> [Exercise aim]
From the first line to the last, please reproduce the material exactly, skipping the pictures.

> [Source data]
==========

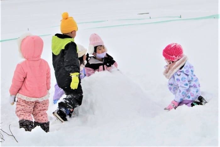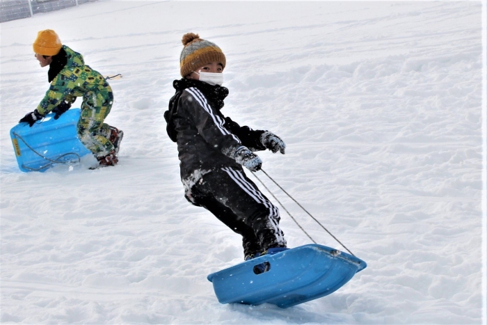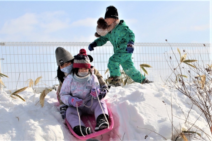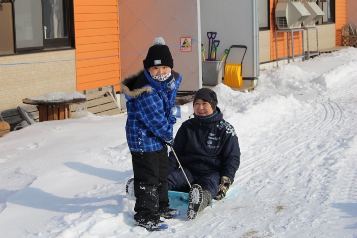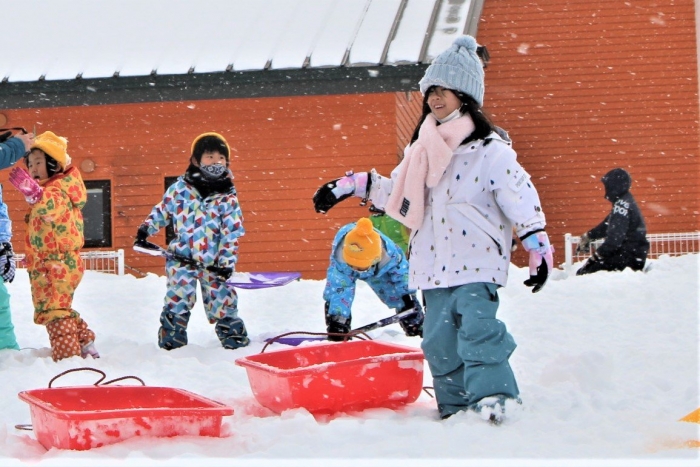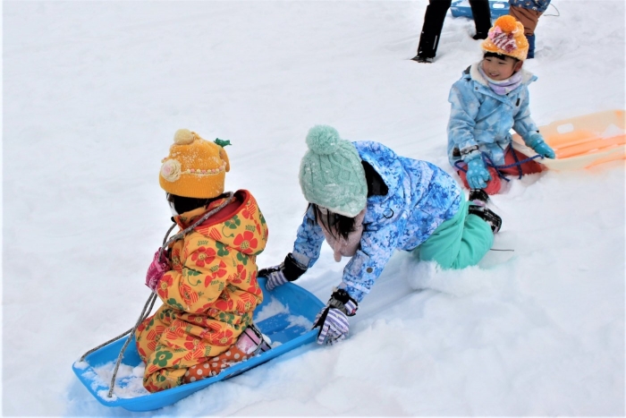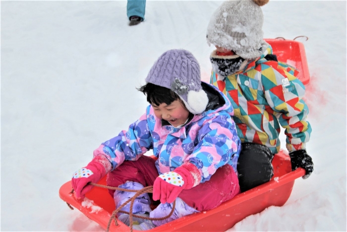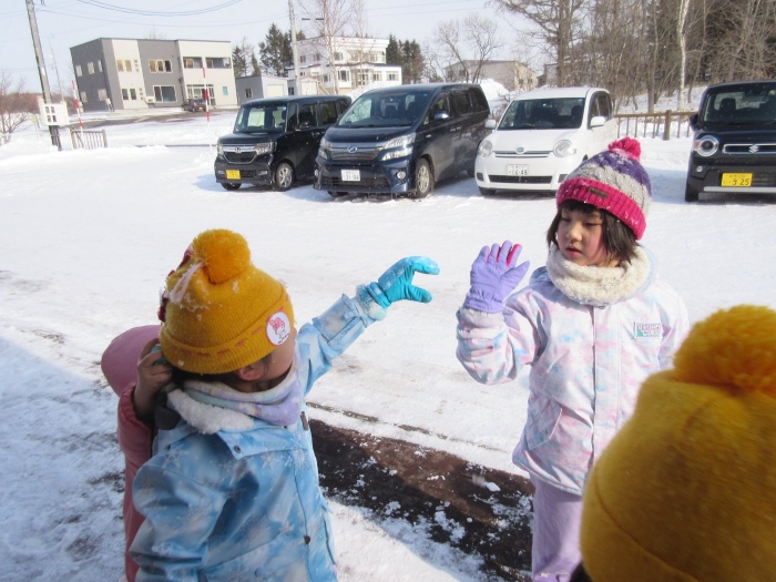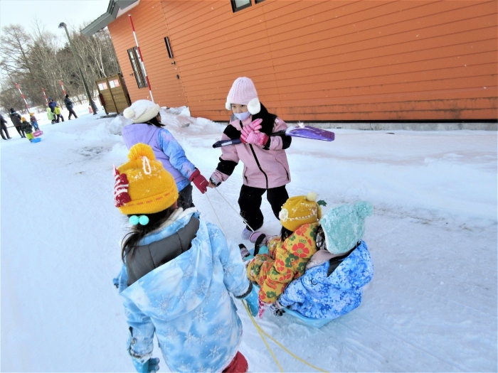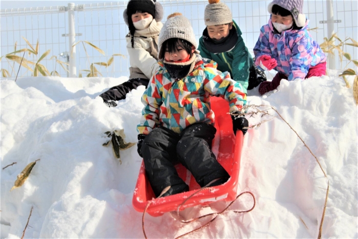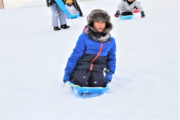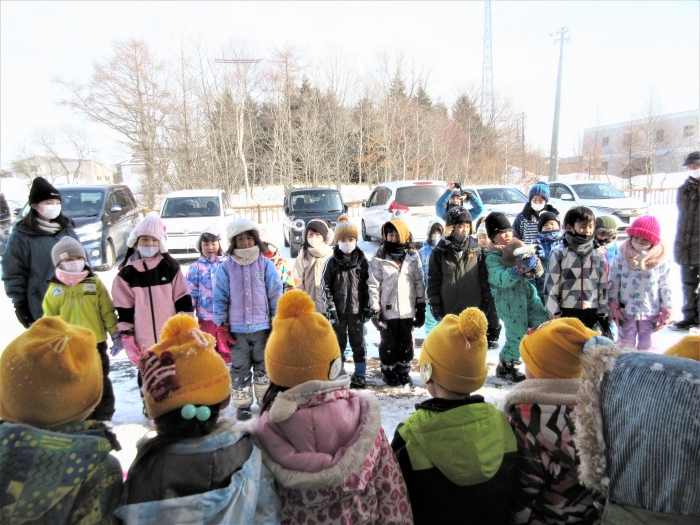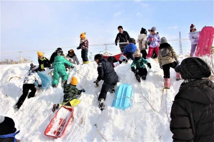 【野付小学校】1,2年生幼稚園で雪あそび 2023年02月06日(月) 幼保小中連携 急斜面をGO! 1,2年生が幼稚園を訪ねて園児のみなさんと雪遊びを楽しみました。達人たちの2時間ノンストップ雪遊びは、ミラクルの連発!大迫力です。野付の子どものたくましさは、ここで鍛えられたのですね! はじめに案内してもらった場所は園舎裏のガケ! もう先生を引っ張っていけるよ! 人型づくり! こわくないよ! たくましく何度も上る子どもたち パークゴルフ場側に移動 園児さんといっしょにそり滑り 押してあげるね いい雪が降ってきました! 雪にうめて楽しむ遊びも さすが!上手! 楽しいね! 達人登場! あっという間に後片付けの時間です ありがとうございました! またあそぼうね!
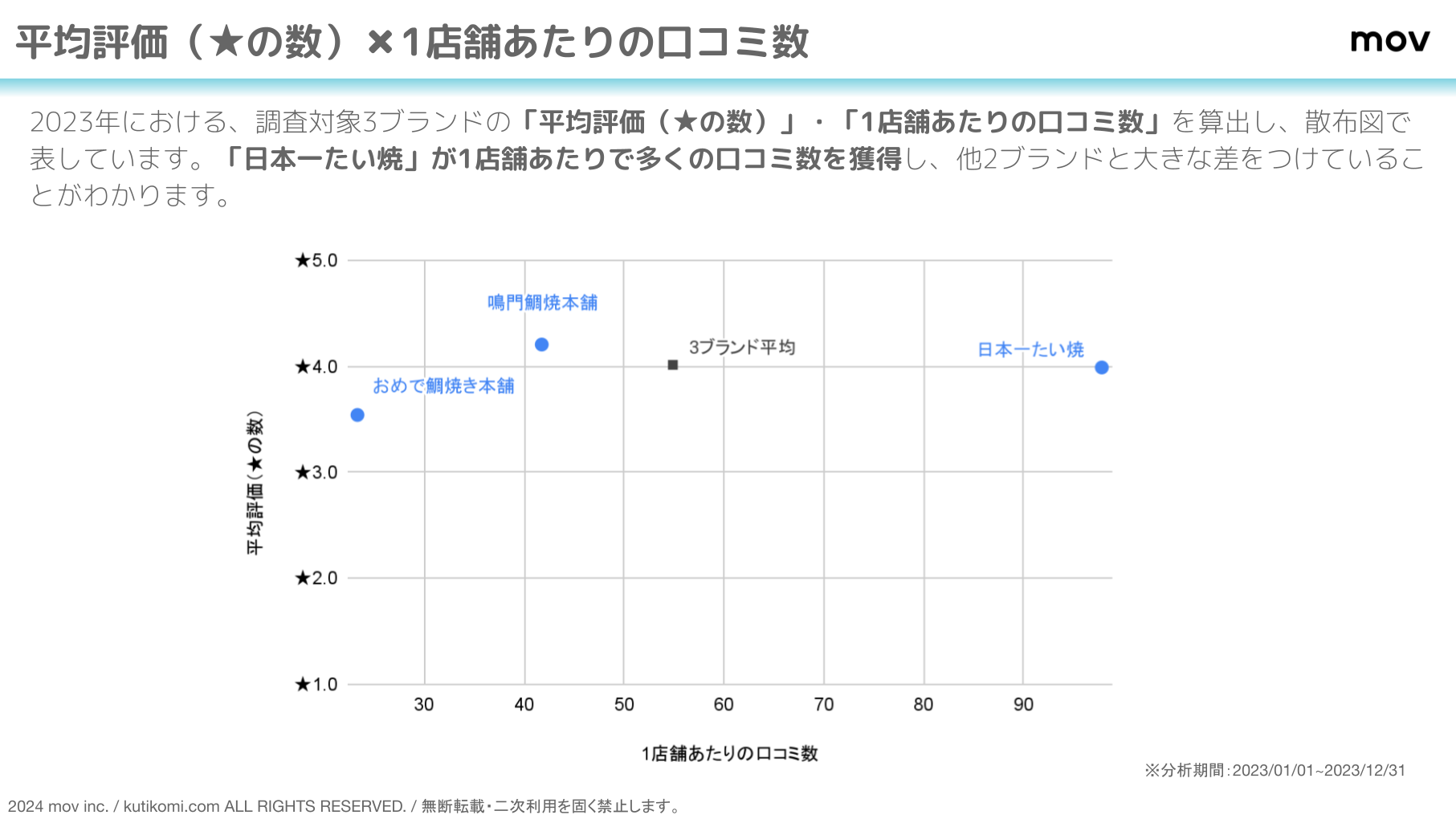 2023年における、調査対象3ブランドの「平均評価(★の数)」・「1店舗あたりの口コミ数」を算出し、散布図で表しています。
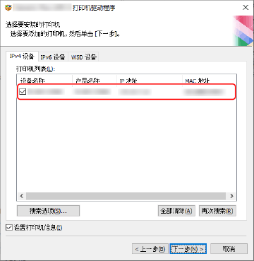[再次搜索]:如果在 [打印机列表] 中没有显示设备,可以单击此按钮。如果在重新搜索后仍未显示设备,请选择 [自定义],然后通过指定端口或 IP 地址来进行安装。
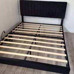 Queen Size Lift Up Storage Bed Frame/LED Lights/Charging Station/2-Tier Shelves Headboard/USB,Type-C Ports/Velvet Upholstered/Hydraulic Support/No Box$220Rancho Cucamonga, CA

==========

> [Result of the exercise]
 【野付小学校】1,2年生幼稚園で雪あそび 2023年02月06日(月) 幼保小中連携 急斜面をGO! 1,2年生が幼稚園を訪ねて園児のみなさんと雪遊びを楽しみました。達人たちの2時間ノンストップ雪遊びは、ミラクルの連発!大迫力です。野付の子どものたくましさは、ここで鍛えられたのですね! はじめに案内してもらった場所は園舎裏のガケ! もう先生を引っ張っていけるよ! 人型づくり! こわくないよ! たくましく何度も上る子どもたち パークゴルフ場側に移動 園児さんといっしょにそり滑り 押してあげるね いい雪が降ってきました! 雪にうめて楽しむ遊びも さすが!上手! 楽しいね! 達人登場! あっという間に後片付けの時間です ありがとうございました! またあそぼうね!
 2023年における、調査対象3ブランドの「平均評価(★の数)」・「1店舗あたりの口コミ数」を算出し、散布図で表しています。
[再次搜索]:如果在 [打印机列表] 中没有显示设备,可以单击此按钮。如果在重新搜索后仍未显示设备,请选择 [自定义],然后通过指定端口或 IP 地址来进行安装。
 Queen Size Lift Up Storage Bed Frame/LED Lights/Charging Station/2-Tier Shelves Headboard/USB,Type-C Ports/Velvet Upholstered/Hydraulic Support/No Box$220Rancho Cucamonga, CA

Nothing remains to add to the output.